Till date, the reservation benefits under the Scheduled Caste category has been skewed against the Madigas in Karnataka and Andhra.


Harijana Nagendra Harijan, 37, migrated from Andhra Pradesh’s Gorantla to Bangalore about 15 years ago. Unable to find a job in the city, like many of his community members, Nagendra ended up working as a sewage and tank cleaner. Today, he’s hired by the sewerage board (BWSSB) and residents of Bangalore on a contract basis for sewer cleaning in the city. Occasionally, he still resorts...

Harijana Nagendra Harijan, 37, migrated from Andhra Pradesh’s Gorantla to Bangalore about 15 years ago. Unable to find a job in the city, like many of his community members, Nagendra ended up working as a sewage and tank cleaner. Today, he’s hired by the sewerage board (BWSSB) and residents of Bangalore on a contract basis for sewer cleaning in the city.

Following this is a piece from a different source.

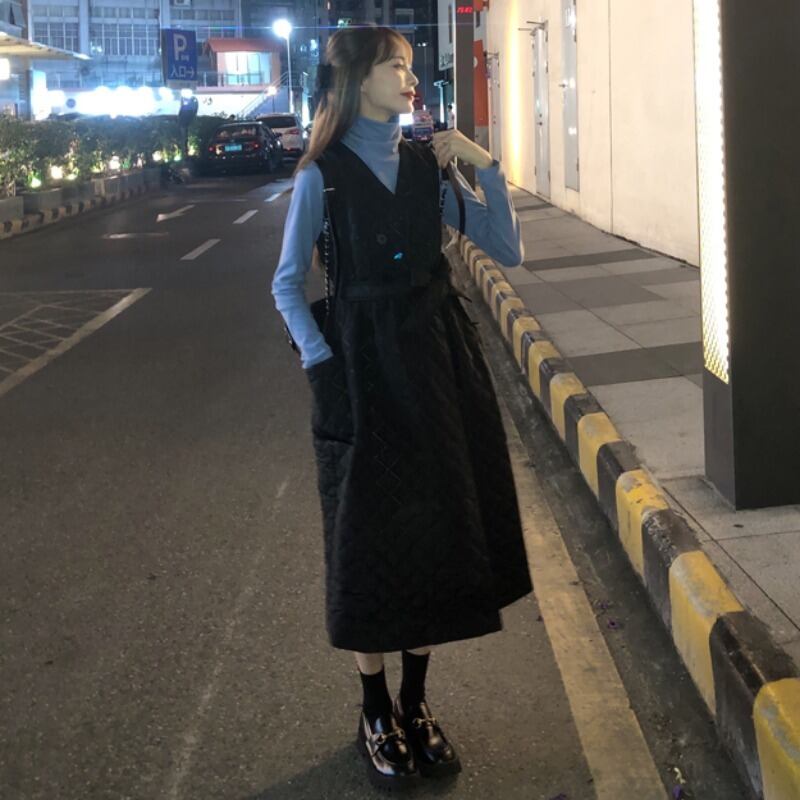 ワンピースレディースウィンターブラックスカート 秋物 オータム 冬物 ミドル丈 YY7079753752

Occasionally, he still resorts to manual scavenging, though banned in India, at least twice or thrice a month as he’s left with no other choice. His wife works as a garbage picker in the city’s municipal corporation.

Having studied till Class 10, Nagendra says poverty forced them out of the village, and when they landed in the city, they were willing to take up any job that came their way. But considering the caste legacy, he says many ended up as waste pickers and sewer cleaners in the early 2000s, when the Bangalore municipal corporation was expanding and hiring people.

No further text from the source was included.